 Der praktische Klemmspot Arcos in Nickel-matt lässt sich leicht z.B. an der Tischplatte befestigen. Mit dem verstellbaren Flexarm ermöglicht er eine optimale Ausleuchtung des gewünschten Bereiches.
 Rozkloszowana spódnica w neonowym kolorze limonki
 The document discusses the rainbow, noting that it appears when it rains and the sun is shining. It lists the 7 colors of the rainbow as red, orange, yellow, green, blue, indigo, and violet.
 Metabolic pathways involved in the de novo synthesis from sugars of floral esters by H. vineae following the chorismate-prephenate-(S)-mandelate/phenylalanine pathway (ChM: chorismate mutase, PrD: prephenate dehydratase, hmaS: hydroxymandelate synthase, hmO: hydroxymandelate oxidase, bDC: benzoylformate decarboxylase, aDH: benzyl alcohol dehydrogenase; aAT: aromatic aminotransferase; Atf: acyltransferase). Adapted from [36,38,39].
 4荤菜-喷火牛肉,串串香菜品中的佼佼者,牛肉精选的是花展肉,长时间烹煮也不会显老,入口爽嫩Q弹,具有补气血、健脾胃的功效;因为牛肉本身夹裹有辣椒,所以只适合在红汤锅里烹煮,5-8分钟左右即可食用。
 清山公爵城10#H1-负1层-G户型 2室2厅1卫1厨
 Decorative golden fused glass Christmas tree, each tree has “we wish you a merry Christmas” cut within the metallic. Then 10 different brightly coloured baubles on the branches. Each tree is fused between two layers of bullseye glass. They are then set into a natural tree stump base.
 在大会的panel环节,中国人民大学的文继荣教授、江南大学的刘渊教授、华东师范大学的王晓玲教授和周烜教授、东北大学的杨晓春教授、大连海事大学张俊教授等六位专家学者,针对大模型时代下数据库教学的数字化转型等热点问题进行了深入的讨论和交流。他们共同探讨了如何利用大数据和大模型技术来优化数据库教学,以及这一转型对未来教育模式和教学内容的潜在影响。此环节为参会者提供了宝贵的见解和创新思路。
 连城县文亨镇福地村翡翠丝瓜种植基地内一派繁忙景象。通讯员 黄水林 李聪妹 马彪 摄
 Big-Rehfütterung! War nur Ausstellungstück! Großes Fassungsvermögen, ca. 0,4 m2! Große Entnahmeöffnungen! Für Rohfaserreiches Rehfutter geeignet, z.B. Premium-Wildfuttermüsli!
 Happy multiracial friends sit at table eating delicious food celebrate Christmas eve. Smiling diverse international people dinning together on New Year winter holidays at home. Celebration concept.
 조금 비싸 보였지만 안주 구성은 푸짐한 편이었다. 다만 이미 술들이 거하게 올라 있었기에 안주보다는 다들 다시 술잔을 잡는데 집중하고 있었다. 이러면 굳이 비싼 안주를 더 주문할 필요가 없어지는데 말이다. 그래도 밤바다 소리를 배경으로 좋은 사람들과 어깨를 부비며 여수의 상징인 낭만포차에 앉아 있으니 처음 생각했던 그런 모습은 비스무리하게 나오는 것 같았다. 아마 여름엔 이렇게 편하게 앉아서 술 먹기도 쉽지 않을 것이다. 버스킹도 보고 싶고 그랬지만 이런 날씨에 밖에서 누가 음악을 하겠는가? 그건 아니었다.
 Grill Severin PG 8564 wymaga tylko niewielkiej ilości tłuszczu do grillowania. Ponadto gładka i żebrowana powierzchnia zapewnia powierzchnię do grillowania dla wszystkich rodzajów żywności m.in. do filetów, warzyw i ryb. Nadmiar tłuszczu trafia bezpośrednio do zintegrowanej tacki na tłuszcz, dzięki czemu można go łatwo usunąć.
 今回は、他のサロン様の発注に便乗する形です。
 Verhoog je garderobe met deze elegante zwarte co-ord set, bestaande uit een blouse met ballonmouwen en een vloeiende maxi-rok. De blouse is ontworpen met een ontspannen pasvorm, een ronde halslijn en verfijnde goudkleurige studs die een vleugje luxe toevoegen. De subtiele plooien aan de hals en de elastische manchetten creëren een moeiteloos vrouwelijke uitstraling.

WORK ORDER: Using the data above, return each line that includes the word "Christmas".

SOLUTION:
 Decorative golden fused glass Christmas tree, each tree has “we wish you a merry Christmas” cut within the metallic. Then 10 different brightly coloured baubles on the branches. Each tree is fused between two layers of bullseye glass. They are then set into a natural tree stump base.
 Happy multiracial friends sit at table eating delicious food celebrate Christmas eve. Smiling diverse international people dinning together on New Year winter holidays at home. Celebration concept.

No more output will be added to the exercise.